• _What to produce_
Print the listing below a second time, exactly, and omit its images.
[[ Source material, beginning ]]
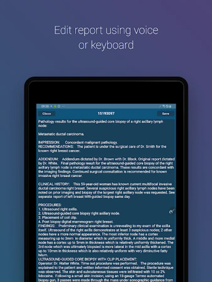 PowerScribe Mobile Radiologist enables medical imaging professionals to search radiology specific content to assist with a diagnosis and to securely sign, create, or edit reports and addenda in PowerScribe Reporting using speech while on the go.
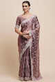 Women's Organza Mauve Embroidered Designer Saree With Blouse Piece
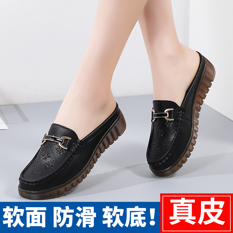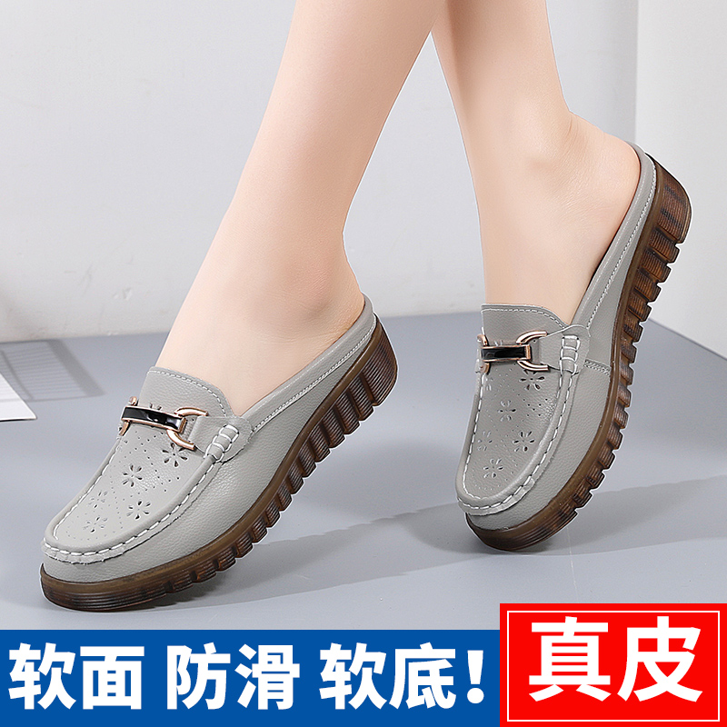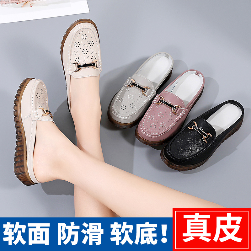 防滑凉拖 外穿镂空透气软底一脚蹬妈妈休闲皮鞋 真皮包头拖鞋 女夏季
[[ Source material, end ]]
• _Answer to this task_
 PowerScribe Mobile Radiologist enables medical imaging professionals to search radiology specific content to assist with a diagnosis and to securely sign, create, or edit reports and addenda in PowerScribe Reporting using speech while on the go.
 Women's Organza Mauve Embroidered Designer Saree With Blouse Piece
 防滑凉拖 外穿镂空透气软底一脚蹬妈妈休闲皮鞋 真皮包头拖鞋 女夏季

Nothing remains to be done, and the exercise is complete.